Should India be able to decouple itself from US Subprime Impact?

Thursday, December 20, 2007

Where is the US strong Dollar Policy?

On the global currency frontier, continued weakening of the US dollar against the major traded currencies like euro, pound, Canadian dollar and the yen has been creating much debate among currency strategists whether to let the US dollar find its own ground or to mediate. Analysts, according to Bloomberg, also have a view that if the ‘Greenback’ is allowed to fall too rapidly then investors would dumb the dollar backed assets. In-fact the dollar has depreciated much to the extent of 10% against some currencies i.e., the euro and the Indian Rupee, as recently noted by Asia-Pacific Head, Mark Mathews of Merrill Lynch. The emerging market currencies also appreciated considerably on account of huge capital inflows and the rise in demand for their domestic assets and currencies from overseas investors. With the ever increasing importance of Renminbi (Yuan) as a major Asian currency, the US dollar seems to have been taking a back seat.

The Japanese Yen's appreciation against the US$ (trading at 113.10/$) has seen unwinding of the carry trades, where one usually borrow cheap and invest in higher yielding assets. China is contemplating that the continued fall of the US dollar is eroding their asset holding valuations in the US, and are now being highly pressurized to devalue the Yuan, which has gained around 12% against the dollar since it got unpegged, thus creating a huge trade deficit with the US. According to China, US should manage its own 'house' rather than sniffing on the Chinese kitchen'. China has also questioned about the unsustaining US strong dollar policy, and about the continued fall in dollar that is causing oil price and commodity price rise.

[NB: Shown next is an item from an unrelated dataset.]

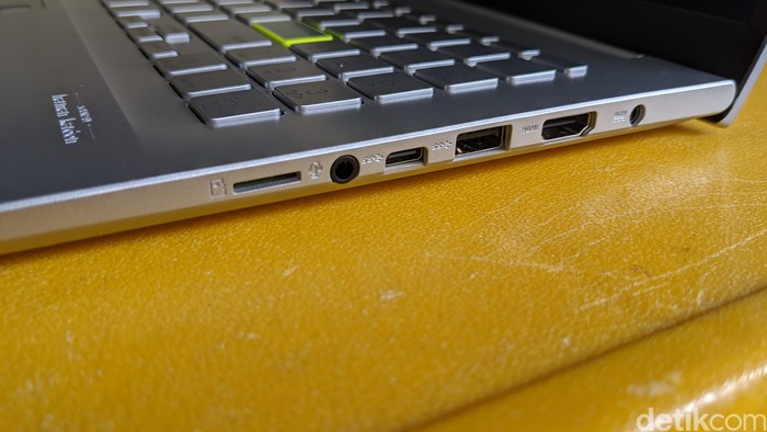 Deretan port di samping kanan laptop yang terdiri dari port charger, HDMI 1.4, jack audio 3,5mm, USB 3.2 Gen 1 Type-A, USB 3.2 Gen 1 Type-C dan slot card reader untuk microSD. Foto: Virgina Maulita Putri/detikINET

It seems that the $ is loosing its glare since it's continued fall, as the Euro has been favored as an alternative in the international forex/import-export market, since more traders seems to be moving to Euro as their currency of choice. And on the same frontier, the US has nearly failed in her strong dollar policy, according to global anlaysts and reports published in Bloomberg and others. However, currency strategists have a view that since the US is still the largest market for investments, operating business and the biggest export market for the emerging economies, this is a short term depreciation as dollar may roll back once the financial markets become more stable.